Conclusion: cosine_sim and euclidean metrics provide a 2% increase in accuracy with respect to cosine_dist.

Observations:

  • With Ncv=20 (thanks to decreased variance), 10 minutes per classification (instead of 20).
  • With lg=100, 10 minutes for feature extraction.
  • 10 minutes per graph. Should run for 1h30.
  • cosine_dist failed because it was miss-spelled. Hopefully all the last experiments used this metric.

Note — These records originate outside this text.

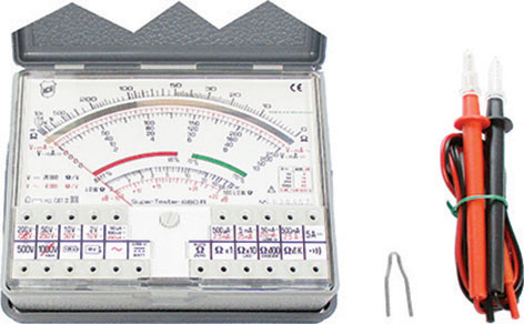 Tipo analogico, professionale, classe 2. Con test diodi e transistor, test di continuità con segnale acustico, tensione di prova, prova LED e test batterie (1,5 V e 9 V). Tensione/Corrente continua: portata 100 mV a 1000 V/50 µA a 5 A. Tensione/Corrente alternata: portata 10 V a 750 V/250 µA a 2,5 A. Resistenza: portata 0 ohm a 10 Mohm Resistenza (Low Ohm): portata 0 a 500 ohm Alimentazione: 1 batteria alcalina a 9 V (Art. 3600 M), in dotazione.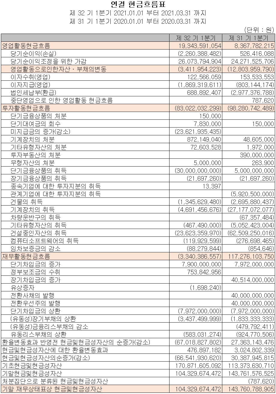 지난 1분기 영업활동 현금흐름은 당기순손실을 기록했으나, 감가상각비용 등 당기순이익 조정을 위한 가감으로 총 193억 원의 현금이 유입되었습니다. 차입금 및 정부보조금으로 자금을 조달하여 부채를 상환하고, 유무형 자산에 투자하였습니다. 2021년 1분기 말 기준 현금 및 현금성 자산은 1,043억 원입니다.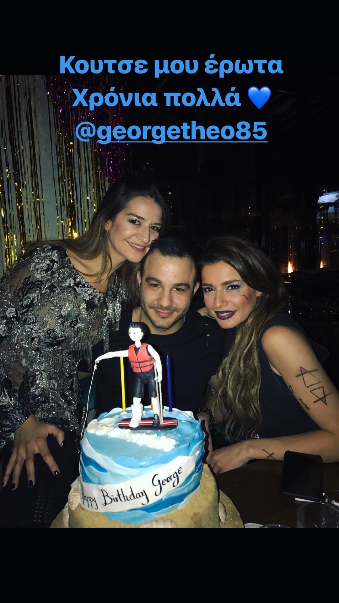 Τα γενέθλια του γιόρτασε χθες βράδυ ο Γιώργος Θεοδότου μαζί με την οικογένειά του, πολύ καλούς του φίλους και φυσικά τη σύντροφό του Χαριτίνη Ηλιάδου. Το party που πραγματοποιήθηκε σε γνωστό μαγαζί της Λεμεσού δεν θα μπορούσε να μην είχε καρναβαλίστικό χρώμα καθώς η πόλη αυτές τις μέρες κινείται φυσικά σε ρυθμούς καρναβαλιού. Εκείνο που έκλεψε τις εντυπώσεις και φυσικά πρόκαλεσε γέλιο ήταν η τούρτα αφού έδειχνε το Γιώργο Θεοδότου με πατερίτσες καθώς όπως σας ενημερώσαμε ο ίδιος βρέθηκε πρίν από δύο εβδομάδες στο Λονδίνο όπου υπεβλήθη σε εγχείηση στα πόδια. Μάλιστα η Χαριτίνη Ηλιάδου του ευχήθηκε με τον πιο χιουμοριστικό τρόπο ενώ και η αδερφή του Ελίνα Θεοδότου πήρε το μικρόφωνο και τραγούδησε για τον μικρό της αδερφό που του έχει αδυναμία. Δείτε φωτογραφίες και βίντεο από τη χθεσινή βραδιά.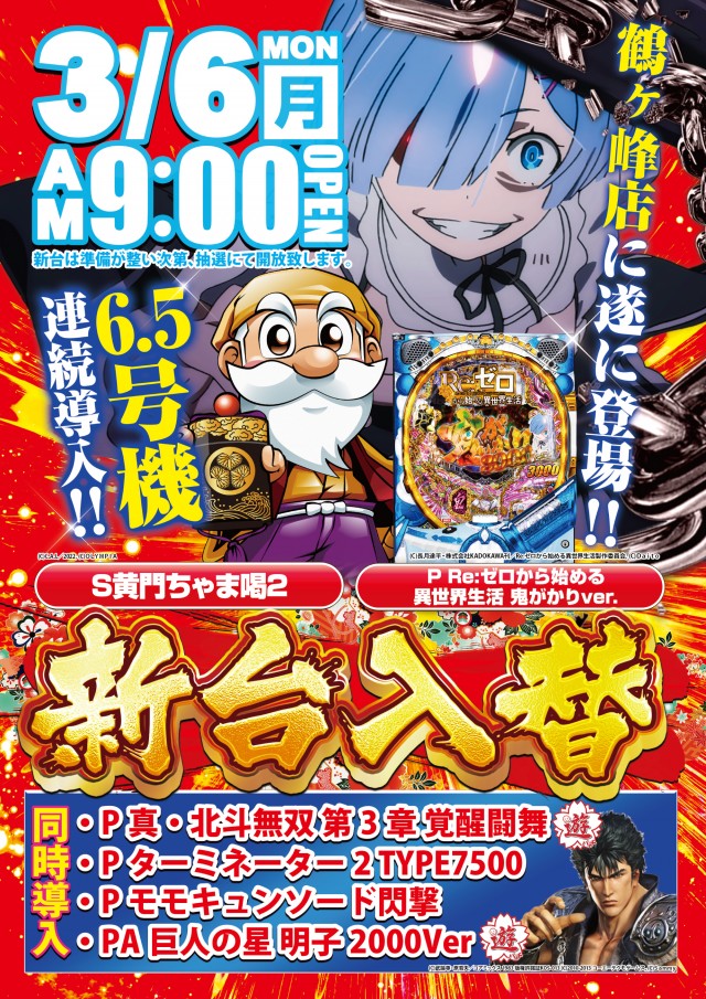 本日新台入替 遂に鶴ヶ峰店にリゼロ新登場!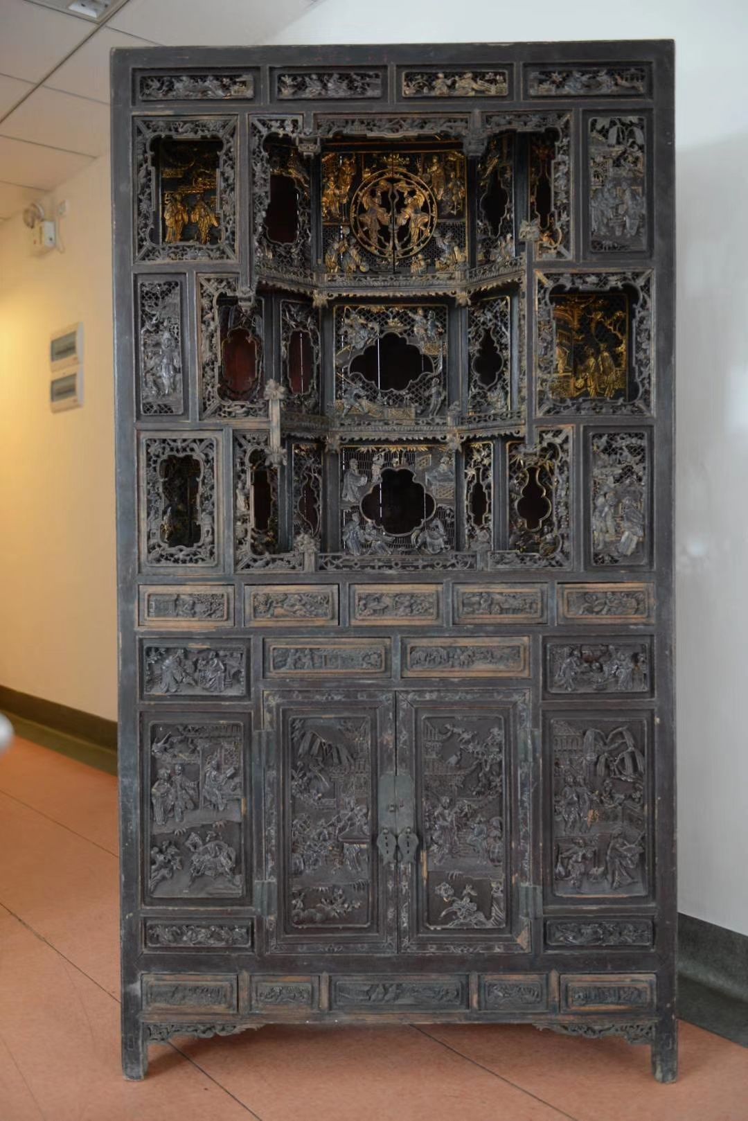這種盛行于明末清初的“看櫥”,既有實(shí)用性又有裝飾性,之所以稱之為“看櫥”,是因?yàn)樵诟?92 cm,寬104cm,深45.7cm的有限體積內(nèi),以不同的樓臺(tái)亭閣布局,雕飾86組神話人物、戲劇故事和花鳥圖案,做到繁而不亂,一目一景,景景相聯(lián),出神入化,讓人目不暇接,原件現(xiàn)存湖北省群眾藝術(shù)館。“看櫥”囊括了通山木雕的所有雕刻技法,代表著通山木雕的最高水平。成希和謝志兵(通山縣非物質(zhì)文化遺產(chǎn)保護(hù)中心主任)想復(fù)制它。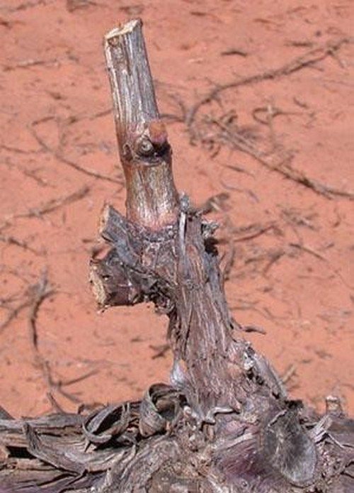 Многолетний куст винограда представляет собой крепкое, зрелое и плодоносное растение. С него необходимо удалить старые побеги, листву и засохшую лозу. Маленькие и слабые побеги, которые можно определить по диаметру (сравнимому с мизинцем), часто имеют трещины и плохо держатся за ствол.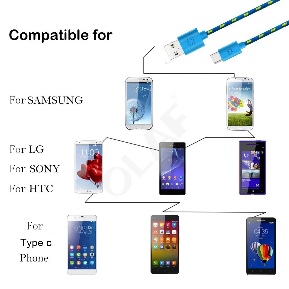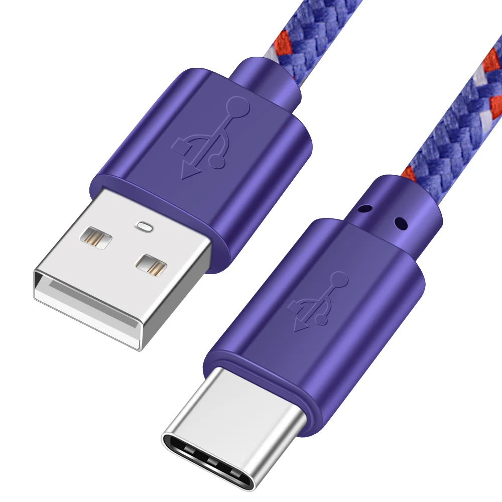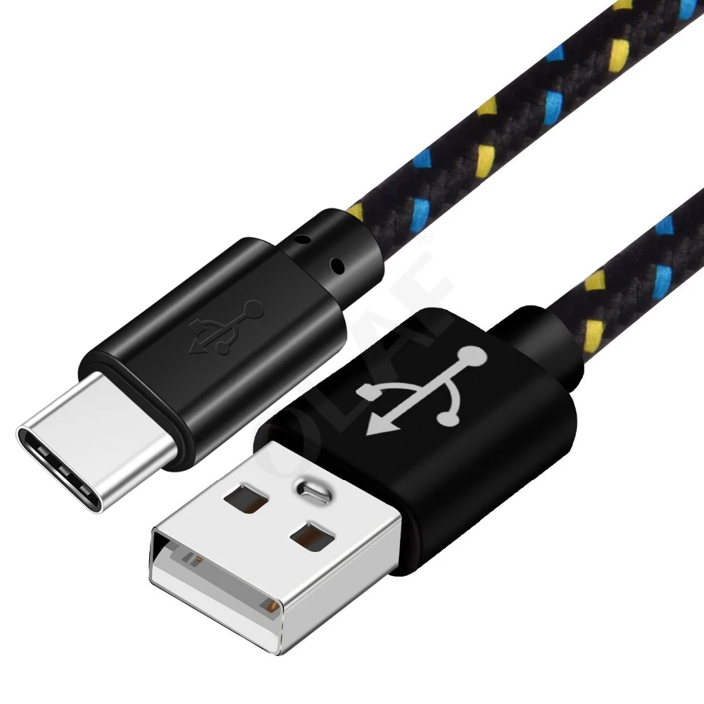 Cable USB tipo C trenzado de nailon OLAF, 1M, 2M, 3M, sincronización de datos, carga rápida, Cable USB C para Samsung S9 S10, Xiaomi mi9 mi8 Huawei tipo c

Accuracy was 64.01% in 13c_novoting and 64.03% in 13d_noise_level.
  • euclidean is 7% faster than cosine_sim while cosine_dist is the fastest with an increse of 47% to cosine_sim.

Hyper-parameters

Parameter under test

In [1]:
Pname = 'dm'
Pvalues = ['cosine_sim', 'cosine_dim', 'euclidean']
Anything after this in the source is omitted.